The Warung has been the quintessentially Indonesian place to buy essentials, but most importantly, for a local community to gather.
Traditionally micro-businesses, Warung’s are kiosks that make minimarts look like supermarkets.
They’ve generally been considered too “micro” to be inducted into the data collecting world of the modern small-medium size businesses.
Enter Warung Pintar (meaning “Smart Warung”).
Complete with surveillance cameras, an LCD TV, stove and dispenser, refrigerator, digital system, charging station, digitised bookkeeping and warehousing – the Warung Pintar would have been unimaginable just 2 years ago.
With a Rp.100,000 (US$7) per month subscription, Warung Pintar adopters are installed with an Android tablet that has sales and inventory tracking apps, as well as benefiting from Wi-fi, making them popular with Go-Jek and Grab drivers.
By collecting data on customers, such as their approximate age and sex, the company can improve marketing, distribution and engagement.
They have transformed over 1,000 Warung’s in Jakarta and other Indonesian cities. 22,000 have signed up in total.
According to Warung Pintar co-founder Harya Putra:
“We realised there was a data blind spot in warung. A lot of things were happening there that we didn’t know about. There’s a lot of opportunities in warung because the community and the economy are there, but there was no technology that empowered them.”
Take Junaidi Salad, the proud owner of a 1.5 meter-wide Warung, who was approached by Warung Pintar to be the first ever smart Warung.

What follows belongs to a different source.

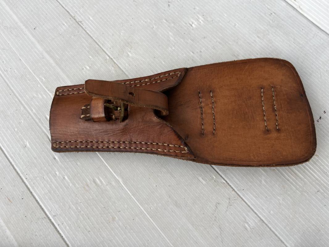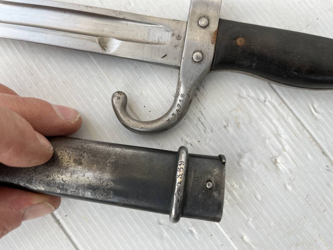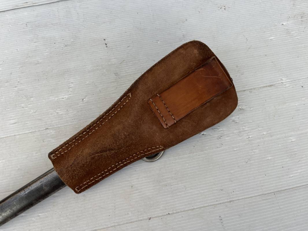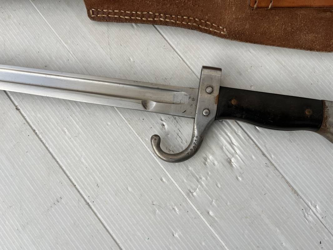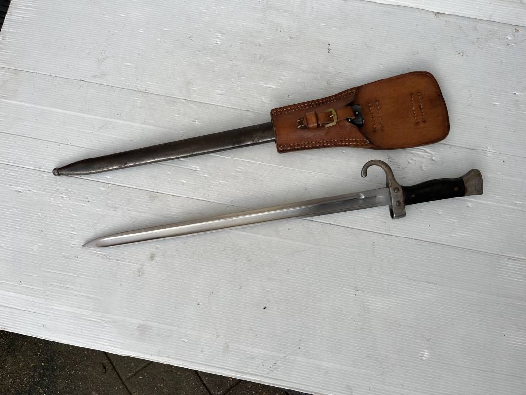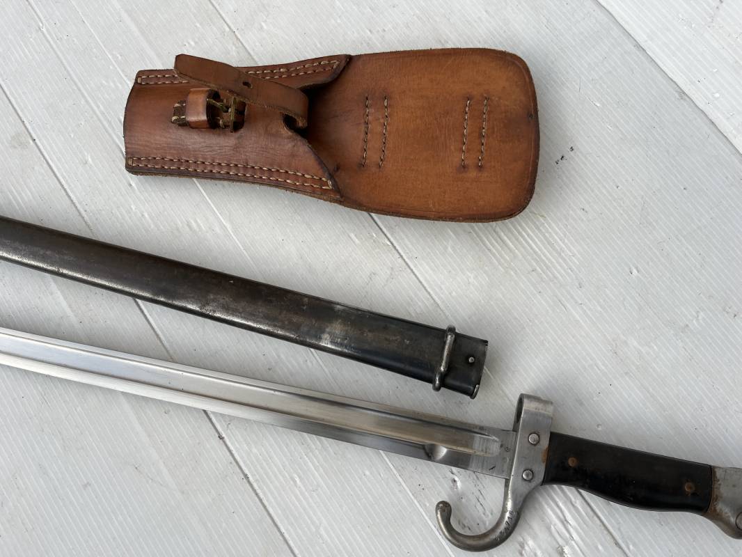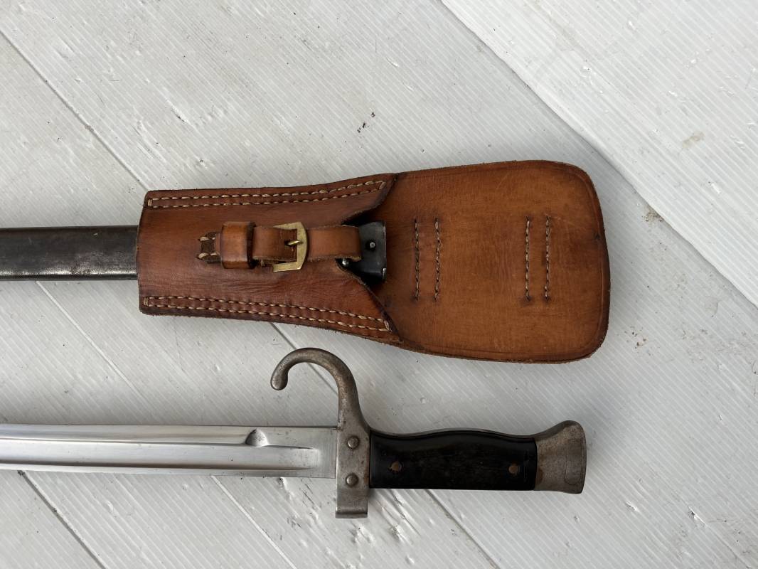 Baionnette modèle 1892 du fusil mousqueton premier modèle (avec quillon) et son gousset de dotation en cuir marron . Plaquettes en bois . Bouton poussoir. Lame acier avec goutière , sans trace de corrosion . Fourreau métallique avec passant de fixation au gousset. Fourreau bronzé . Baionnette légèrement utilisée en bel état. Numeros differents sur fourreau et garde . Gousset de dotation modéle 1892/15 en cuir marron . Passant cuir de ceinturon , lanière en cuir et boucle en laiton a un ardillon , cuir souple legerement porté en parfait état . Trés bel ensemble trouvé telquel en brocante dans le nord de la France . Parfait état 1939/40 Ref 19618

Junaidi was worried the flash yellow colour scheme and high tech paraphernalia would attracted unwanted attention to his illegally placed Warung.
The tech-start up helped Junaidi gain legal status and moved him to the car park of one of it’s co-founders co-working spaces, where he doesn’t have to pay for rent or electricity.
The change has rocketed Junaidi’s daily profits from Rp.70,000 to Rp.4 million. That’s a US$274 a day! A 5,714% increase!
He now owns a car, two more Warung’s and can pay for the his three daughter’s education.
By using data collection to help modernise the Warung, it is giving the 57 million micro businesses in Indonesia the chance to tap into the the internet economy.
An economy that will reach US$27 billion in 2018, with an expected year-on-year rise of 49%.
Sure, digital literacy and lack of trust – particularly with old school Warung owners – are the biggest challenges facing making Warung’s “Smart.”
But this digitisation will give the beloved Warung the chance to stay relevant in the 21st Century.